One reason why the Baltics are so excited is that they have sizeable Russian minorities that some of them treat very badly. The tensions with Russia might be more manageable, without these immense preparations for war, if the Russian minorities would be given full citizenship and language rights and federal autonomy. That would mean they would no longer call on Moscow to help them against their governments. The worse they treat their Russians, the more Moscow might feel forced to do something for their compatriots. It is up to the Baltic states to decide how much pressure to put on their Russian minorities so that at some stage they will turn secessionist or irredentist. Instead there are wild dreams about getting the West to defeat Russia for the benefit of the smaller nations on the Russian periphery. For example, Kaja Kallas, the former Prime Minister of Estonia, who is now responsible for the foreign policy of the European Union, is said to have once suggested that Russia should be sliced up into four or five different states, and that only then will Europeans—that is, the Baltics—be safe. This, of course, has been tried before, and it turned out a disaster, including costing the lives of 15 million Russians alone. I claim that a safe life in Europe and in Germany is only possible if we find an arrangement to coexist in peace with Russia on the Eurasian continent, and this is linked to the bigger question of where Europe should go.
Is Another Europe Possible?
WB: And where is that?
WS: Europe is a collection of old societies and states, and the idea that someone can come and merge this into one, either a United States of Europe or as a trans-Atlantic extension of America—that is a very mistaken idea. So, my view is that if we can talk the Baltics out of dragging us into a war with Russia, we need to move into something that is both realistic and good for everyone.
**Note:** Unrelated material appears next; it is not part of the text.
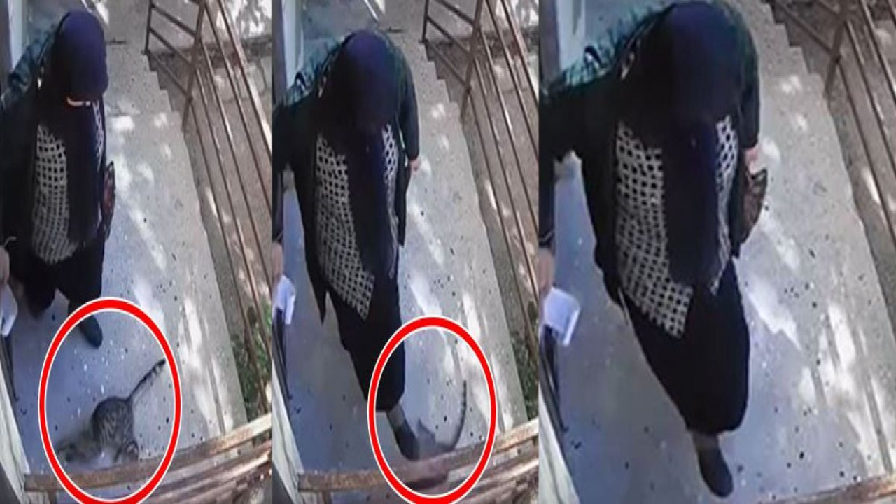 Kadının, “Sen misin merdivenlere akıtan” diyerek kediyi evin girişinin merdivenin önünde tekmelediği görüldü.

That is, European countries cooperating voluntarily, and extending their freely chosen relations to the rest of the world. Nowadays, logistics are much easier than the 1930s. Germany, or other European countries, could develop amicable relationships with places like the Philippines or South America, or whoever. We could deliver things these countries urgently need, take desalination plants for example, and they could deliver things to us that we need. So, if different European countries on their own initiative, moving together with other European countries that have similar interests, could strike up relations with countries on the Southern side of the world, but also inside the continent of Eurasia, in particular with Russia, that would be something. In this context, we must deal with Russia in a positive way. In a Eurasian perspective, the old idea from Gorbachev to Yeltsin to Putin, “a zone of peace and prosperity from Vladivostok to Lisbon,” if that could be constructed, then we could see the end of our dependence on the United Sates, a dependence which partly depends on resources, since Russia has all the resources the Americans have. There will, of course, be security issues, but there needs to be shared security, with arms control, disarmament, confidence-building measures—none of this is new. If we manage to have a stable system of international security in Eurasia, the Americans can go wherever they want, hopefully in peace. Is that an illusion? I don’t know but if you ask me, what could be a positive legacy for our children and grandchildren, I’d say something like that.